Non-monotonicity in Sample-wise Learning Curves

The authors identify a phenomenon where generalization error may exhibit non-monotonic behavior as a function of the number of samples under conditions of label noise or when the target function includes components not expressible by the kernel basis. This behavior, analogous to the double-descent phenomenon observed in modern machine learning models, highlights the nuances in the bias-variance trade-off and illustrates the potential pitfalls of oversampling in noisy environments. The paper provides robust analytical insights into how such non-monotonicity arises from variance in the model’s predictions over different sampled datasets.

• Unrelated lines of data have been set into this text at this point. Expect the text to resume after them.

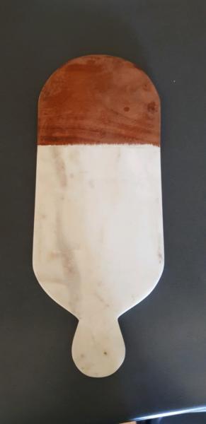 Oval marble and wood paddle board for serving cheese or antipasto.
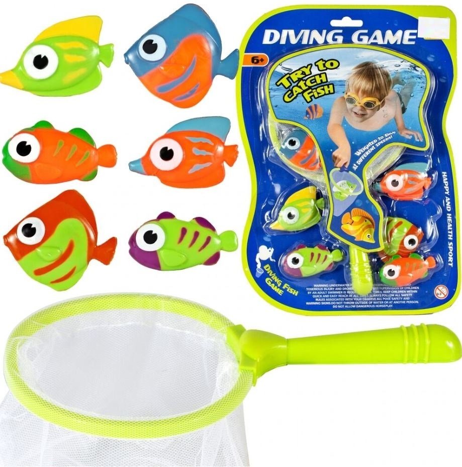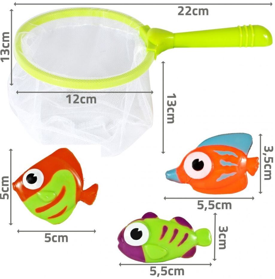 Komplektas su spalvingomis žuvytėmis paįvairins kiekvieną vonią. Plastikinis sietelis su minkštu tinklu žvejybai leis sugalvoti įvairias vandens istorijas, gaudyti žaislus, žaisti.
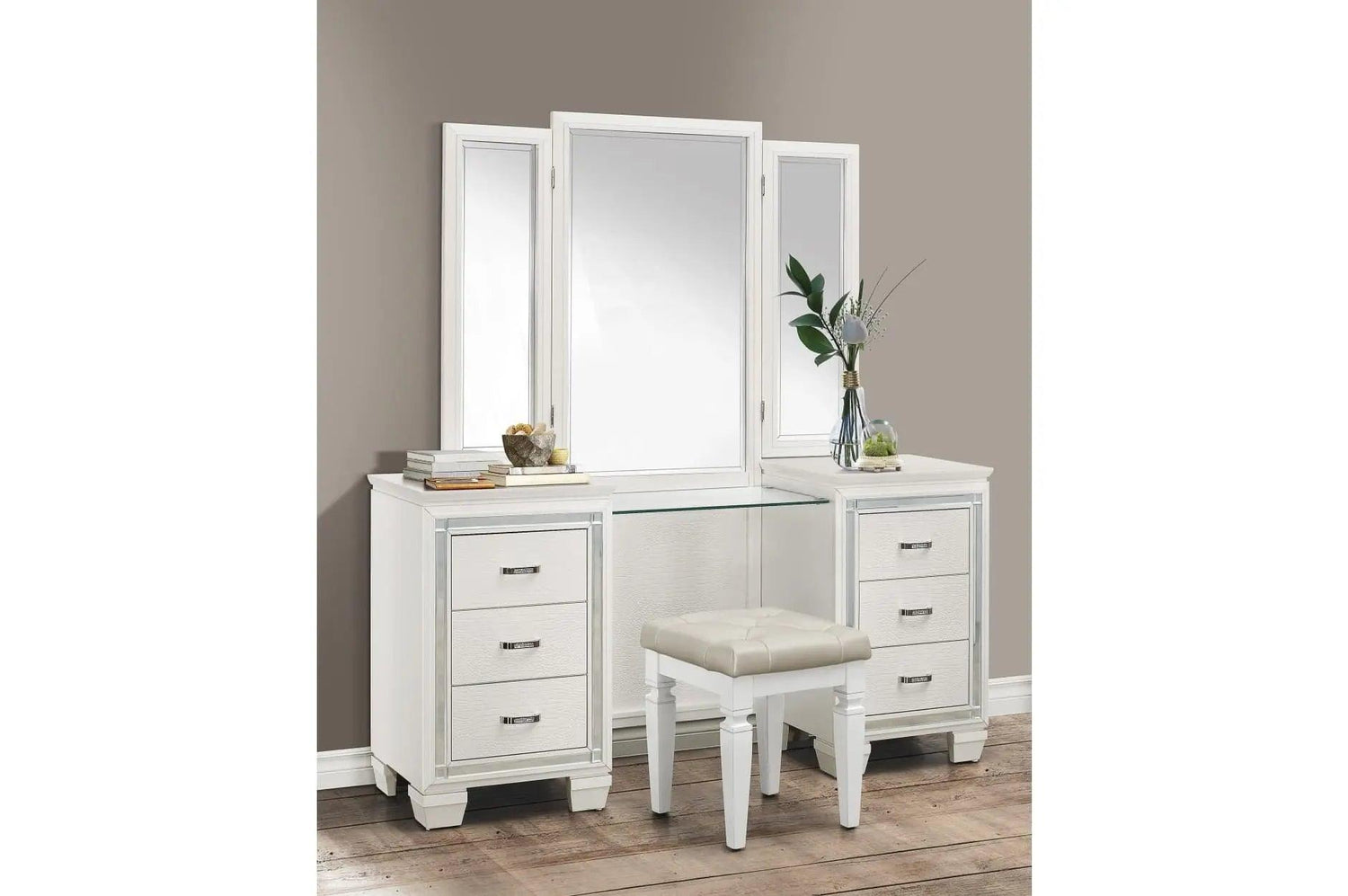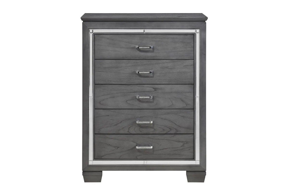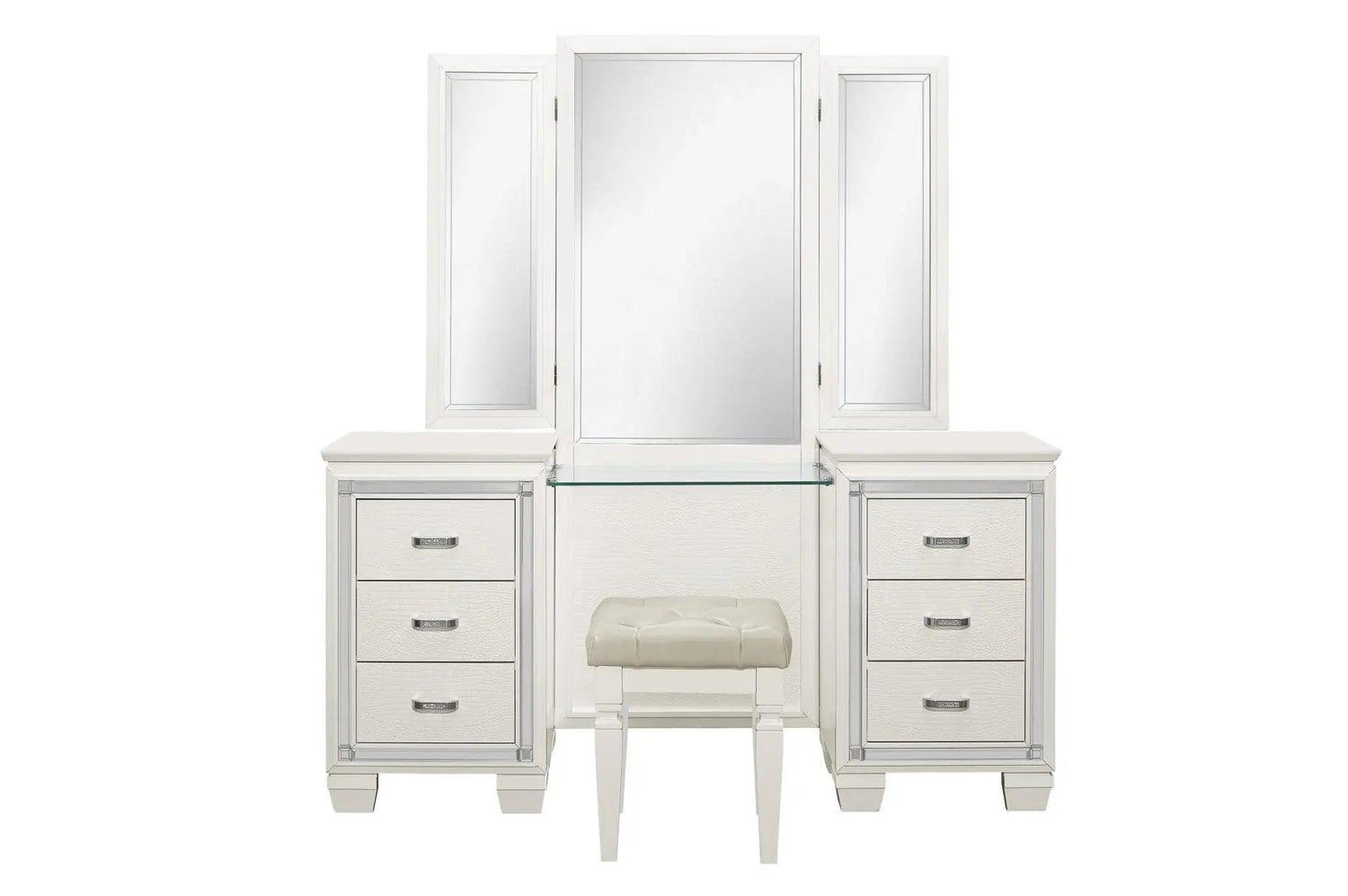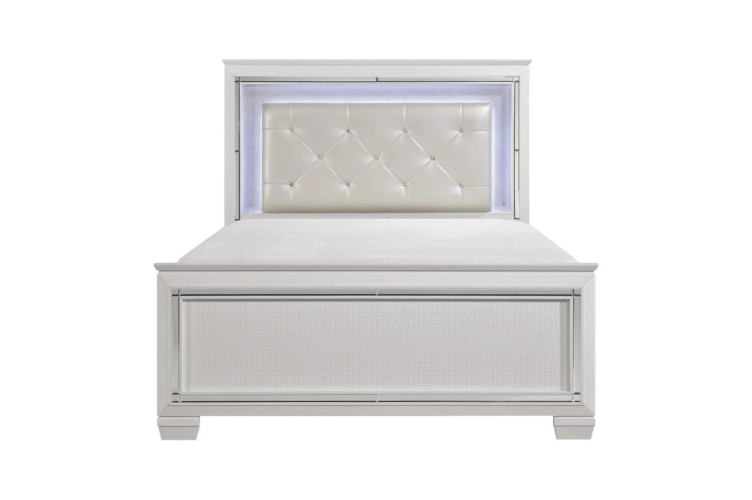 Conjunto de dormitorio Allura | Homelegance - Plata / Tamaño Queen / Cama + Cómoda + Espejo + 1 Mesilla de Noche está agotado y se enviará tan pronto como vuelva a estar disponible.

Practical and Theoretical Implications

By mapping the analytical framework from kernel regression to infinitely wide neural networks trained under specific conditions, the paper bridges classical machine learning theories with contemporary practices in deep learning. The implications are profound not only for understanding kernel methods but also for elucidating the performance of expansive neural networks in overparameterized regimes. The insights into how spectral bias and task-model alignment affect generalization could potentially inform the design of more efficient learning architectures and influence the choice of methods or models aligned with specific learning tasks.

Future Directions

The paper lays fertile ground for future research into both computational and theoretical aspects of machine learning. Extending the paper to finite-width neural networks, addressing computational complexities associated with large-scale eigendecomposition on real-world datasets, and exploring the impact of different kernel classes on generalization stand out as prospective research areas. The results also invite exploration into the interfaces with other areas in artificial intelligence and machine learning, such as reinforcement learning, where task-model compatibility is pivotal.

In conclusion, this comprehensive paper of kernel regression extends the theoretical understanding of generalization in high-dimensional feature spaces, emphasizing the pivotal roles of spectral bias and task-model alignment. These findings contribute significantly to bridging foundational statistical theories with practical AI applications that characterize modern machine learning landscapes.